Now you can use the DUMP statement to further examine the resulting data set beyond this initial record. At this point, much of the functionality of the mapper built earlier has been covered. So far through the interactive session, the data has been imported into Amazon EMR and filtered down to the records, including records of an HTTP status value of 300 or higher.

In the custom JAR application, you needed to identify a key value so data could be grouped and evaluated further in the reduce phase. The Pig script has not identified any data element as a key in the commands that have been run. The GROUP statement provides a similar key grouping from the earlier application. The request column is the data element to allow the GROUP statement to build a data set for further calculations.

grunt> GROUP_REQUEST = GROUP FILTERED BY request;
grunt> ILLUSTRATE GROUP_REQUEST;
--------------------------------------------------------------------------------
| group:chararray | FILTERED:bag{:tuple(clientAddr:chararray,remoteLogname:..
--------------------------------------------------------------------------------
| GET /cgi-bin/imagemap/countdown?320,274 HTTP/1.0 | {(piweba2y.prodigy.com, ...
--------------------------------------------------------------------------------

The ILLUSTRATE statement on GROUP_REQUEST shows the results of the data grouping based on HTTP requests. The data now looks very similar to the input to the reduce phase of the earlier custom JAR application.

To compute the total number of error requests for each unique HTTP request string, run the GROUP_REQUEST data through a FOREACH statement to count the number of entries found in the log. The FLATTEN keyword will treat each request in a grouping as a separate line for processing. The incoming data set prior to flattening will be a data tuple, or array.

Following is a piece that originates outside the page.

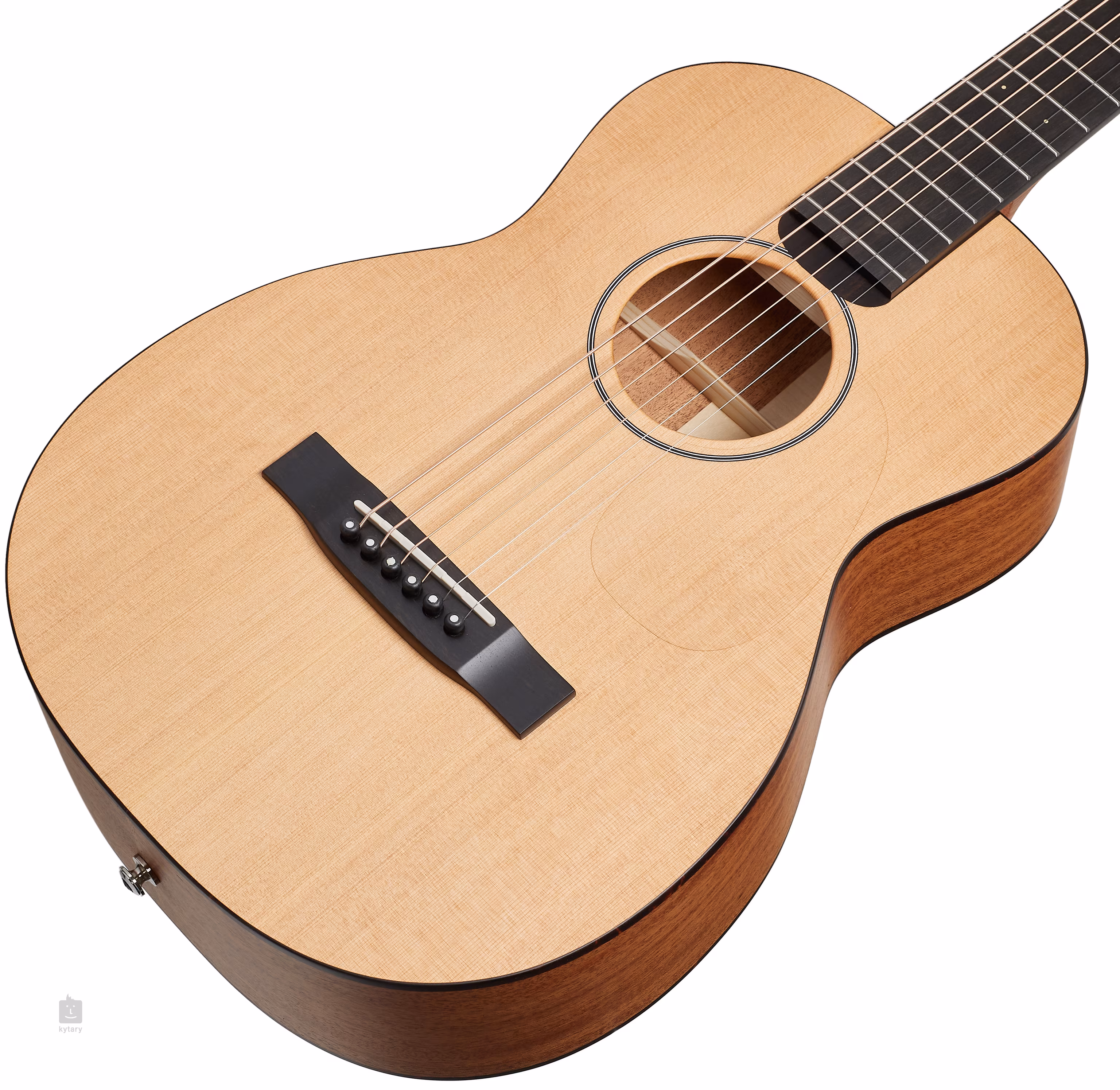 Přední deska cestovní akustické kytary Little Jane LJ 10-CM je zhotovena z masivu červeného cedru, luby a zadní deska jsou zhotoveny z masivu afrického mahagonu. Akustické vlastnosti nástroje vynáší nejvyšší možnou úroveň individuální ladění přední rezonanční desky, open-pore finiš podporuje přirozené zvukové charakteristiky použitého dřeva a poskytuje vynikající úroveň povrchové ochrany.

Group Key: GET /cgi-bin/imagemap/countdown?320,274 HTTP/1.0,
Tuple:     {(piweba2y.prodigy.com, ..., 98), (ip16-085.phx.primenet.com, ...,
98)}

The FLATTEN keyword expresses the array as individual data lines for the COUNT operation to give us a total per request. The result of this operation yields a counting process similar to the reduce routine in the custom JAR application. You can run the ILLUSTRATE or DUMP statements to validate the end results of the FOREACH statement. Finally, the STORE statement writes the result set out to S3. The storage is handled automatically as part of the custom JAR, but should be explicitly written out with the STORE statement in Pig:

grunt> FINAL_DATA = FOREACH GROUP_REQUEST GENERATE
FLATTEN(group) AS request, COUNT($1);
grunt> STORE FINAL_DATA into 's3://program-emr/pig-output';

Reviewing the end result set in S3 yields the same results as our custom JAR workflow. The key differences, after we remove the numerous calls to ILLUSTRATE and DUMP, is a small set of nine Pig Latin statements that generate the same output as the earlier custom JAR Job Flow. With the custom JAR program, the process took several develop, build, test, publish, and execute cycles to work out issues in developing the map and reduce routines. With the interactive session, you are able to build and diagnose your application inside of a running Amazon EMR cluster.

Remember to Terminate Interactive Sessions

To clean up from the interactive session, you’ll need to choose the Terminate option from the Amazon EMR console. Be aware that, unlike the previous custom JAR Job Flows, Amazon EMR will keep the interactive session running and you will continue to incur Amazon EMR usage charges until the cluster is terminated.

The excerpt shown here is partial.